01 June 2013

Asteroid management – interplanetary landfill

Asteroid management – interplanetary landfill


The recent close encounter with Asteroid 1998 QE2 has drawn attention to the long term need to manage the threat to Earth posed by these objects.
Since the realisation that an asteroid was probably responsible for a mass extinction event that caused the dinosaurs to become extinct, some consideration has been given to the means of diverting Near Earth Objects (NEOs) away from a future collision with earth.

NEO programme.

The possibility of altering the orbits of material that threatens the continuation of civilisation on Earth offers the intriguing possibility that putative extra terrestrial cultures, not much more advanced that ours, are already doing so. If a civilisation that is significantly more advanced than ours were to engage in a long term asteroid management what would they do with them? Perhaps instead of continuing with an interplanetary juggling act, civilisation might decide to consolidate the managed material into one large body that would enter an orbit away from their own home planet.
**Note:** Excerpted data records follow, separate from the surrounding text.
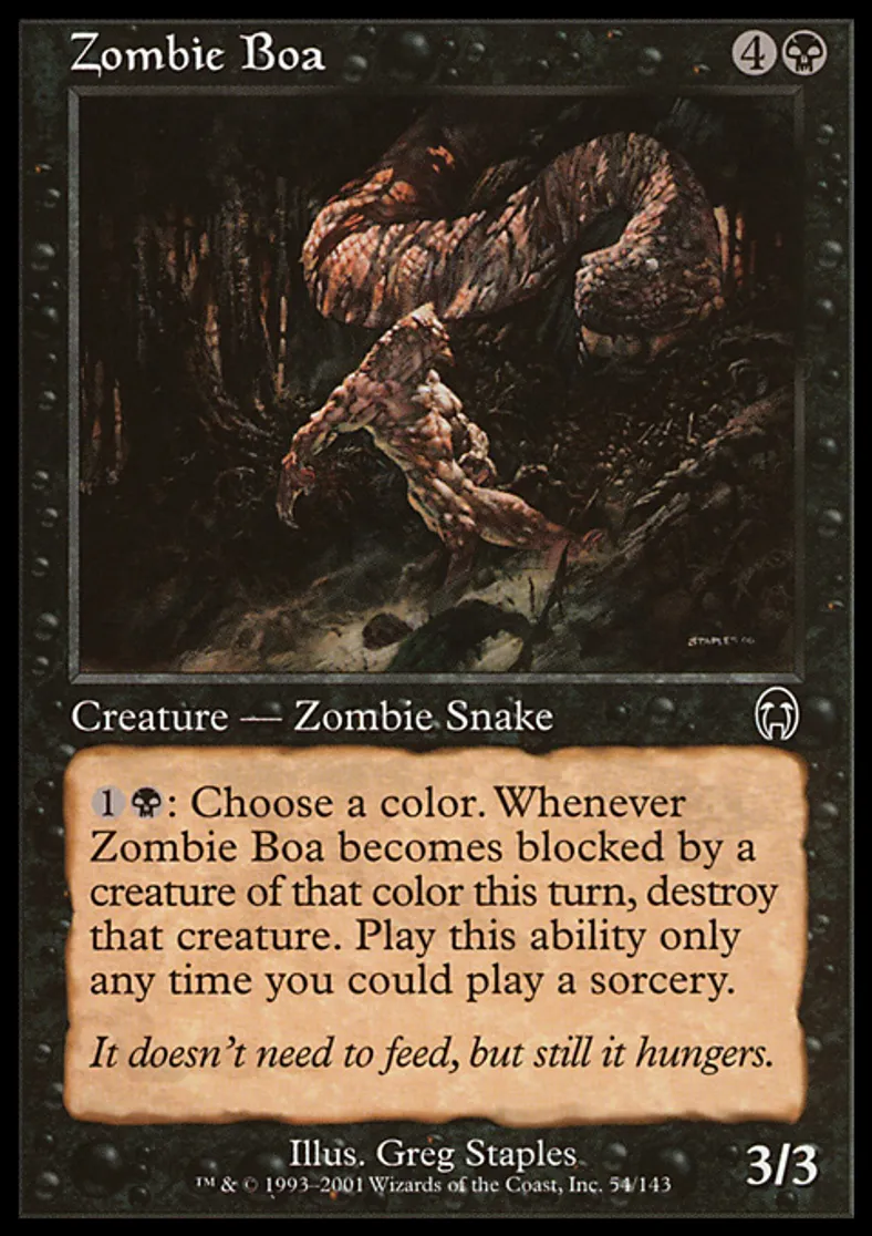 | Oracle Text | {{1}}{{b}}: Choose a color. Whenever Zombie Boa becomes blocked by a creature of that color this turn, destroy that creature. Activate this ability only any time you could cast a sorcery. | ||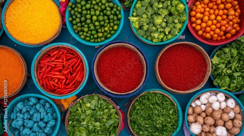 Vibrant Market Display with Colorful Bowls of Fresh Vegetables and Spices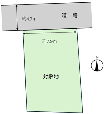 接道状況 [ 北 / 道路幅員 約4.7m 接道幅 公道 約7.9 m ]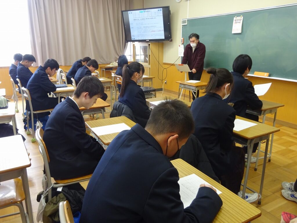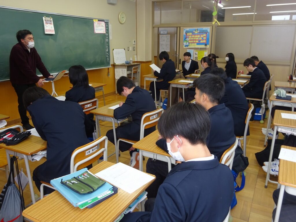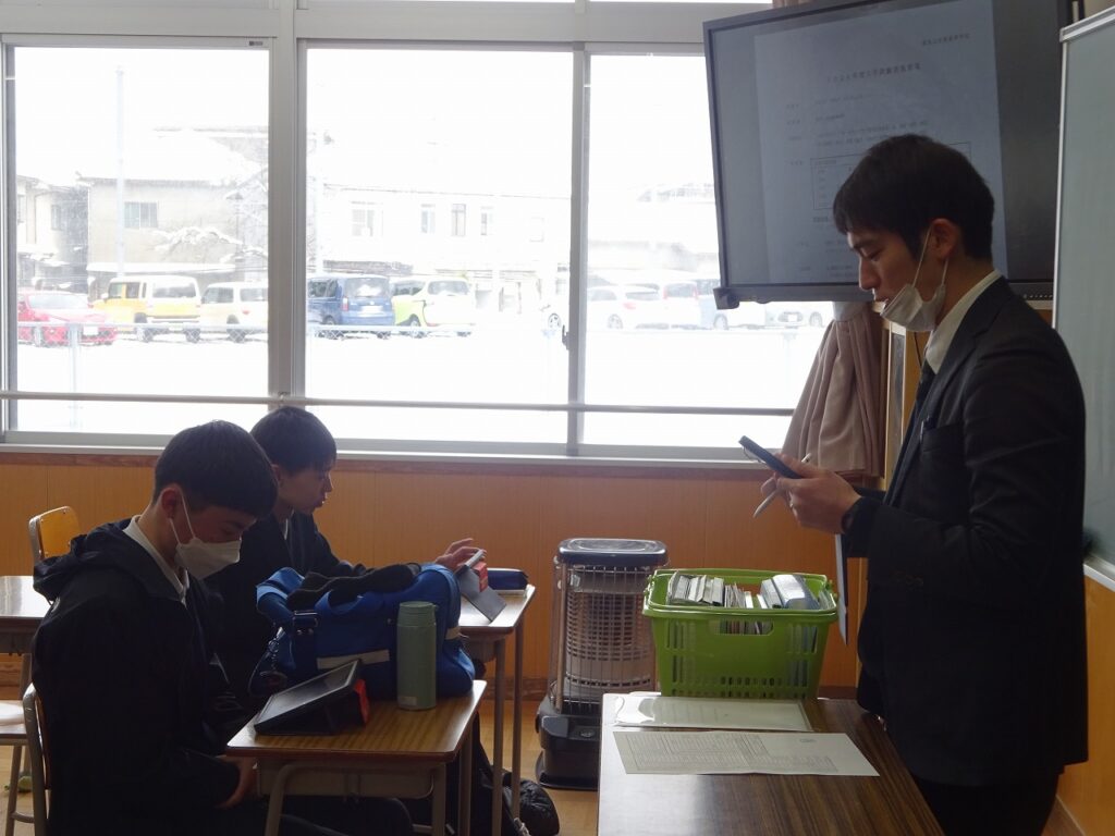 2月9日(月)昨日からの雪の影響で桃映中学校も雪景色でした。明日は多くの3年生が近隣の私立高校の入試の日です。今日、3年生は明日の入試に向けての最終確認をしました。明日も雪が残っている可能性があります。気をつけて受験に臨んでください。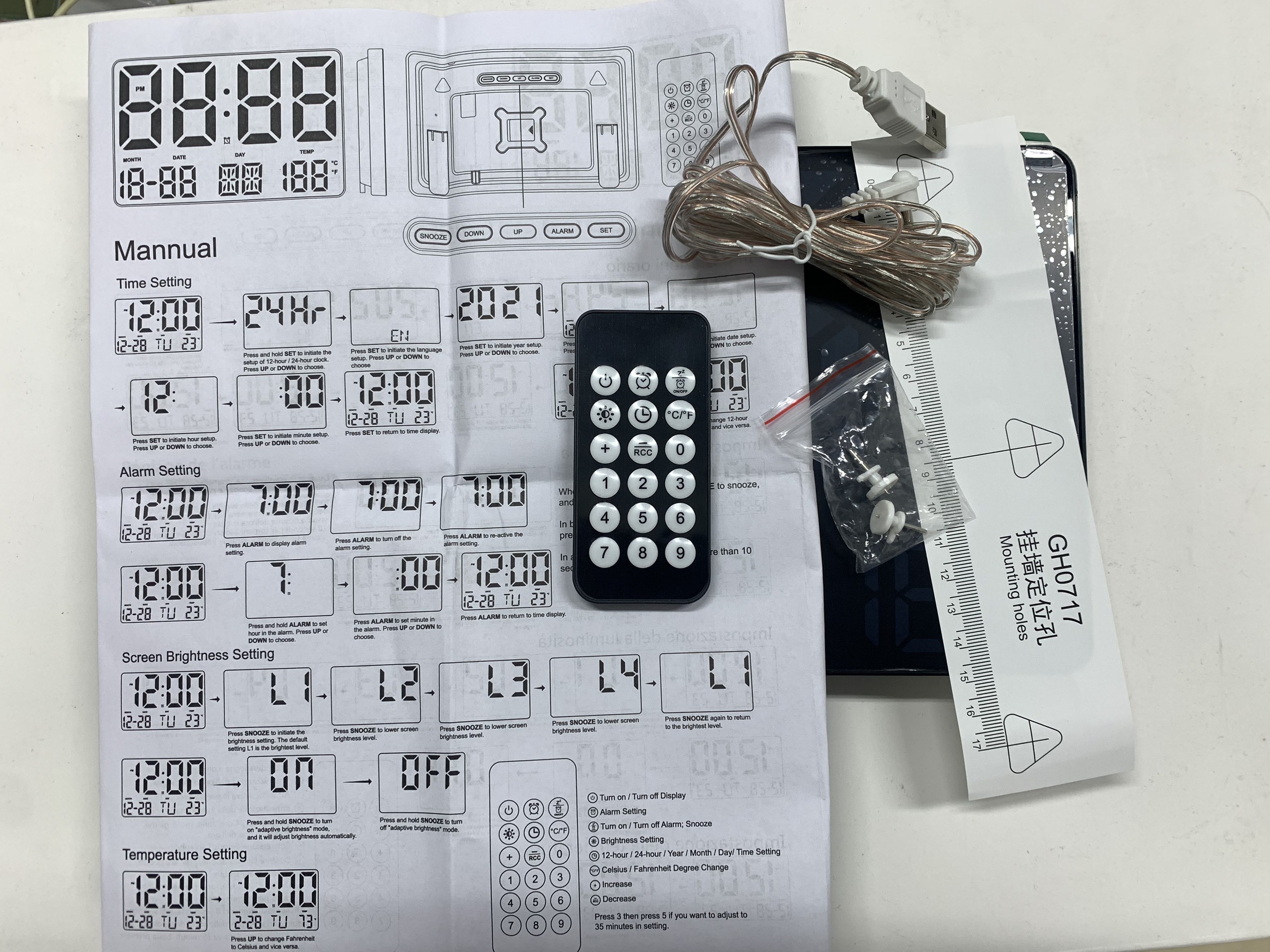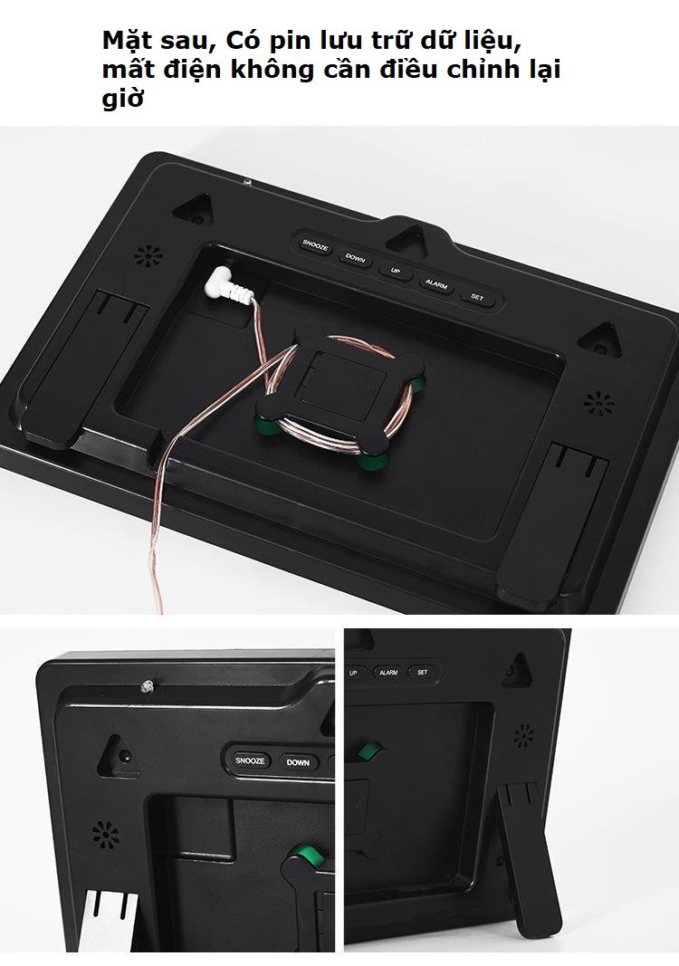 Màn hình lớn, có điều khiển từ xa, có thể điều chỉnh độ sáng, lịch, nhiệt độ, báo lại, 12/24h

Although the unplanned addition of a new planet to a star would potentially destabilise the orbits of existing planets it has recently been discovered that some solar systems can have empty ‘slots’ into which a new body could be safely inserted.

New Scientist

The Astrophysical Journal

The energy to undertake such a large scale engineering project would depend on the successful ‘taming’ of thermonuclear fusion. The current progress with the ITER project in France is some years away from demonstrating this possibility.


But assuming that controlled thermonuclear fusion is achievable there is the intriguing possibility that that some of the extra solar planetary systems currently being detected contain artificial planets that are in effect landfill dumps for unwanted material that previously threatened the wellbeing of an extra terrestrial civilisation. It might be easier to engage in this scale of engineering than the creation of an alternative habitat away from the home planet. The processes that could make it possible (thermonuclear fusion, rocket propulsion) are currently better understood that the ecological processes that keep our planet alive. Paradoxically, the control of thermonuclear fusion might be simpler than micromanaging a replica earth.